Steve Sands—WireImage

During more than four and a half hours of candid and highly unusual testimony before the House Committee on Oversight and Government Reform Thursday, FBI Director James Comey delivered what will likely remain the definitive word on Hillary Clinton’s use of a private server to send and receive e-mails when she was Secretary of State. But with multiple ongoing civil suits seeking access to those e-mails, it is unlikely to be the last.

Starting at 10 a.m. Thursday, Republicans and Democrats grilled Comey about the unanimous recommendation that he, his FBI investigators and career federal prosecutors made to Attorney General Loretta Lynch on Tuesday not to bring criminal charges against Clinton and her aides in the year-long probe. In response, Comey provided lawmakers with a surprising amount of information about the investigation into potential mishandling of classified information and what it found.

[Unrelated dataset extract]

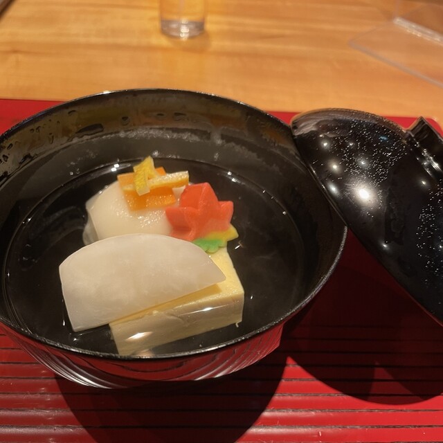 むかご真丈と玉子豆腐のお椀

That may have accomplished Comey’s stated goal of providing unprecedented transparency into the investigation because of the “intense public interest” in the matter and brought a formal end to Clinton’s legal jeopardy. But several Freedom of Information Act suits in Washington, D.C., courts will keep the issue in the headlines through the November election. Multiple cases are already seeking access to previously undisclosed e-mails the FBI discovered during the investigation. In two of the cases, the conservative group Judicial Watch is expected to ask to depose Clinton in coming weeks.

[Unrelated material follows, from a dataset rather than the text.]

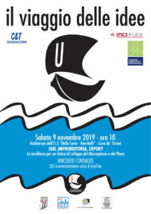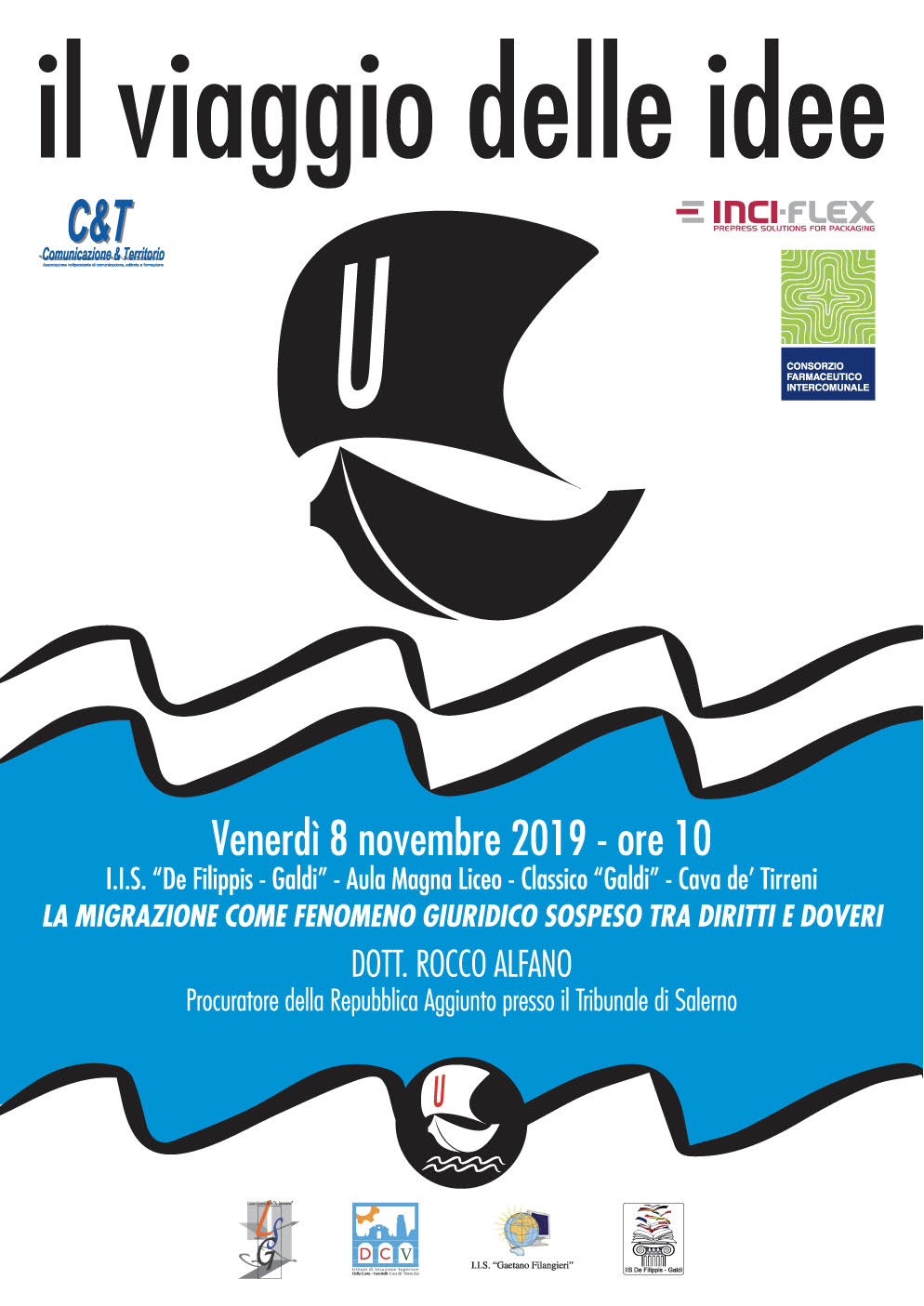 Il quarto e il quinto incontro de IL VIAGGIO DELLE IDEE con i giovani studenti degli Istituti statali di istruzione secondaria di secondo grado “De Filippis – Galdi”, “Della Corte – Vanvitelli”, “Filangieri” e Liceo Scientifico “Genoino” di Cava de’ Tirreni, si terranno venerdì 8 e sabato 9 novembre prossimi, alle ore 10, rispettivamente nell’Aula magna del Liceo Classico “Marco Galdi” e nell’Auditorium dell’I.I.S. “Della Corte–Vanvitelli” di Cava de’ Tirreni .

State has released tens of thousands of Clinton’s emails in response to FOIA suits from private groups and members of the media over the last two years. Department officials say they will work to recover from the FBI any new documents that have emerged through the investigation. “As we have said for many months, we will work with the FBI to determine the appropriate disposition of potential federal records it has recovered,” said State Department Spokesperson John Kirby.

That will not be a small job. On Tuesday Comey said:

Comey said there was no evidence Clinton or others intentionally deleted those thousands of newly discovered work-related e-mails in an effort to conceal them. On Thursday, he said the FBI had concluded that Clinton set the server up for convenience. “Our best information is she set it up as a matter of convenience,” Comey told the committee members.

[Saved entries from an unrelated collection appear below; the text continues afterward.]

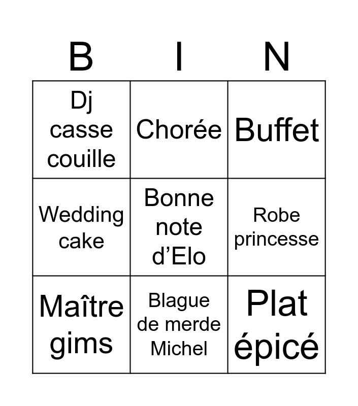 This bingo card has 9 words: Maître gims, Buffet, Chorée, Wedding cake, Dj casse couille, Robe princesse, Bonne note d’Elo, Plat épicé and Blague de merde Michel.
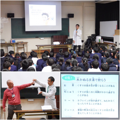 5,6時間目、多目的室で、6年生を対象にくすりの正しい使い方講座が行われました。講師は、学校薬剤師のO先生です。
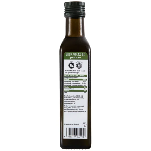 Nutriționiștii recomandă uleiul de avocado bio pentru conținutul ridicat de acizi grași mononesaturați și polinesaturați. Specialiștii în gastronomie apreciază aroma delicată și versatilitatea acestui ulei în preparatele culinare.
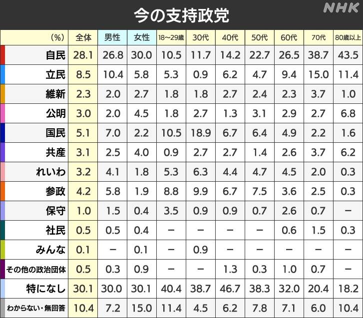 立憲民主党は、70代以上では10%台であるのに対し、60代以下では1桁でした。

Clinton may also face the prospect of being deposed by Judicial Watch in two cases. The group has already deposed her close aides in one case after Judge Emmet Sullivan ruled last spring that doing so was the only way to determine whether the State department had fully complied with the group’s FOIA request. Judicial Watch may also ask to depose Clinton in another case before Judge Royce Lamberth for similar reasons.

During the House hearing Thursday, Republicans asked Comey about the testimony Clinton gave during her three and a half hour interview with the FBI last week. Normally such conversations would not be made public, but Comey said he wanted to provide the public with maximum transparency. Rep. Jim Jordan of Ohio, asked Comey if Clinton knew and approved of her legal team permanently deleting the work e-mails the FBI later recovered. Comey said the FBI had asked those questions during the interview and that Clinton did not know of the deletions and hadn’t approved them.

That won’t necessarily be the end of it. Near the end of the hearing, Committee chairman Jason Chaffetz asked Comey whether the FBI had investigated whether Clinton had intentionally tried to thwart FOIA through her actions. Comey said the FBI had not investigated that question. That is likely because the FBI only investigates crimes and intentionally thwarting FOIA is not one. But it could be relevant to the charge that Clinton violated the Federal Records Act, which can be a criminal misdemeanor. The Supreme Court has set a high bar for successfully prosecuting such violations, however.